## Directions for this task:
Give an unaltered copy of the listing below, minus its pictures.

## Data extract:
#####

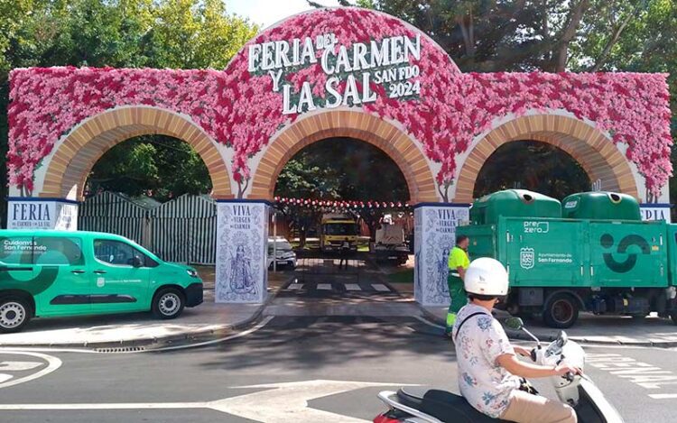 La actividad no para en el Parque Almirante Laulhé, de San Fernando, en las horas previas al encendido oficial de la Feria del Carmen y de La Sal 2024, que se inaugura en la noche de este jueves 11 y se prolongará hasta el festivo martes 16 de julio, cuando se clausurará sin fuegos artificiales.
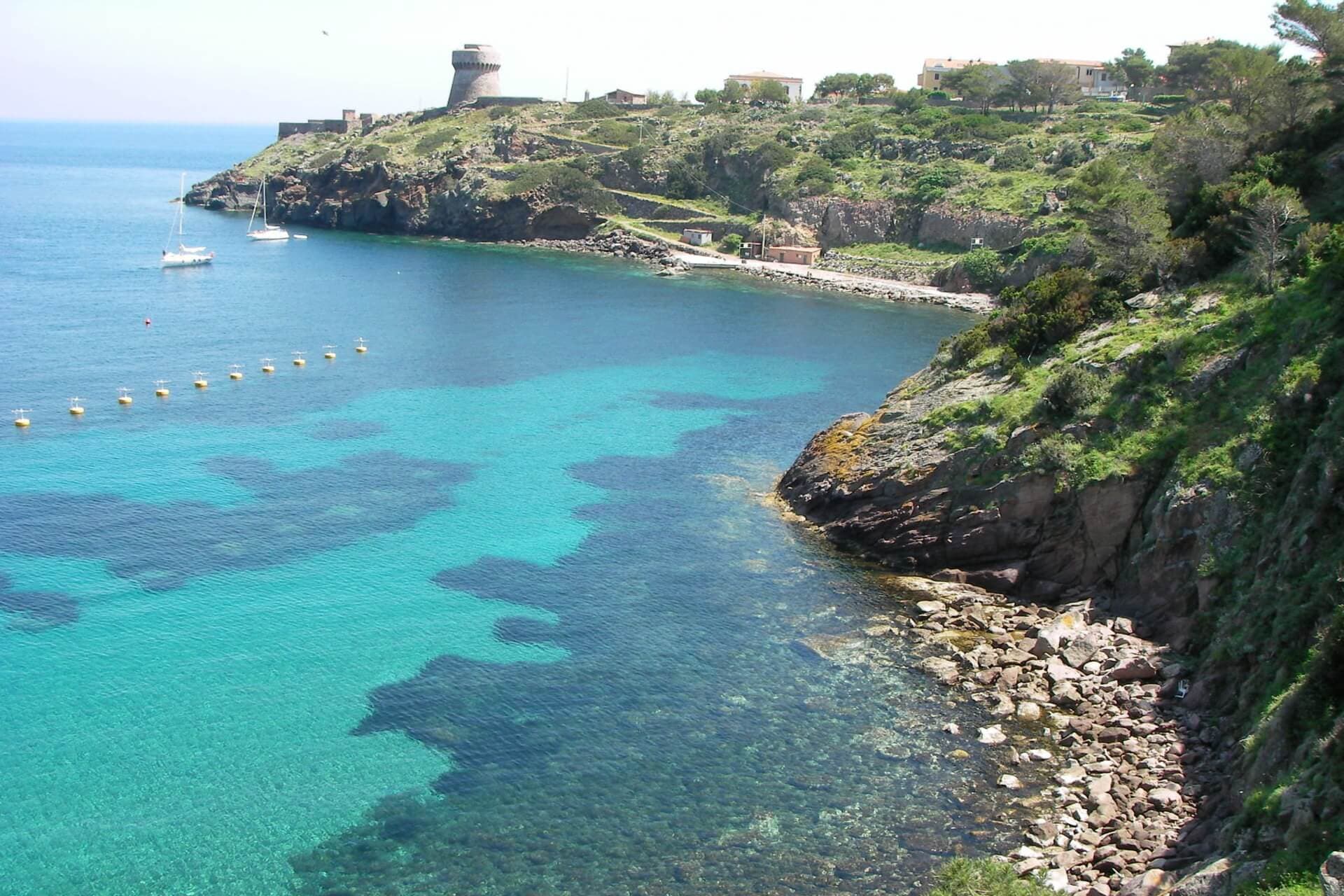 Punta della Teglia ist zwar kein klassisches Strandziel, aber die Mühe, die man auf sich nimmt, um es zu erreichen, lohnt sich. Am nördlichsten Punkt der Insel bilden die Felsen hier eine dramatische Kulisse für eine lebhafte Möwenkolonie. Ein Fußweg schlängelt sich über die sanften Hügel zum Torre delle Barbici, einem Wachturm aus dem späten 16. Jahrhundert.
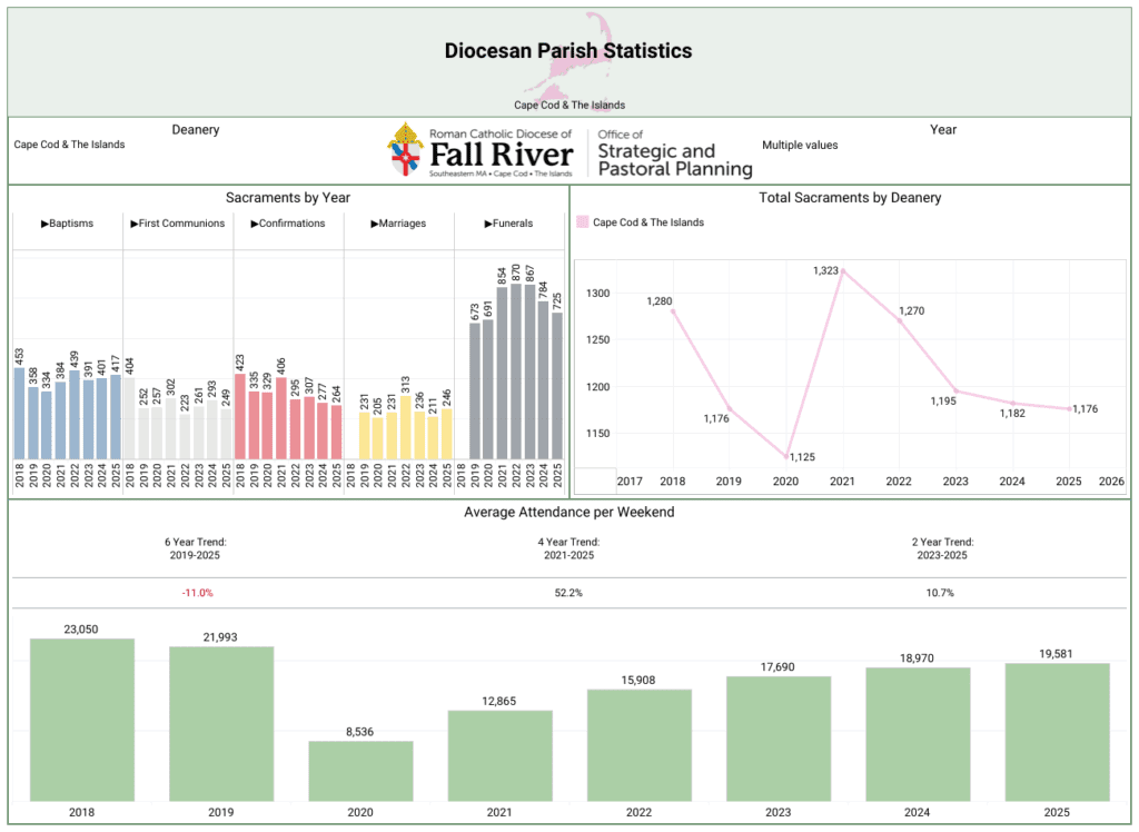 Cape Cod & The Islands – Statistics and Mass Attendance from 2018 – 2025

#####

## Your solution:
 La actividad no para en el Parque Almirante Laulhé, de San Fernando, en las horas previas al encendido oficial de la Feria del Carmen y de La Sal 2024, que se inaugura en la noche de este jueves 11 y se prolongará hasta el festivo martes 16 de julio, cuando se clausurará sin fuegos artificiales.
 Punta della Teglia ist zwar kein klassisches Strandziel, aber die Mühe, die man auf sich nimmt, um es zu erreichen, lohnt sich. Am nördlichsten Punkt der Insel bilden die Felsen hier eine dramatische Kulisse für eine lebhafte Möwenkolonie. Ein Fußweg schlängelt sich über die sanften Hügel zum Torre delle Barbici, einem Wachturm aus dem späten 16. Jahrhundert.
 Cape Cod & The Islands – Statistics and Mass Attendance from 2018 – 2025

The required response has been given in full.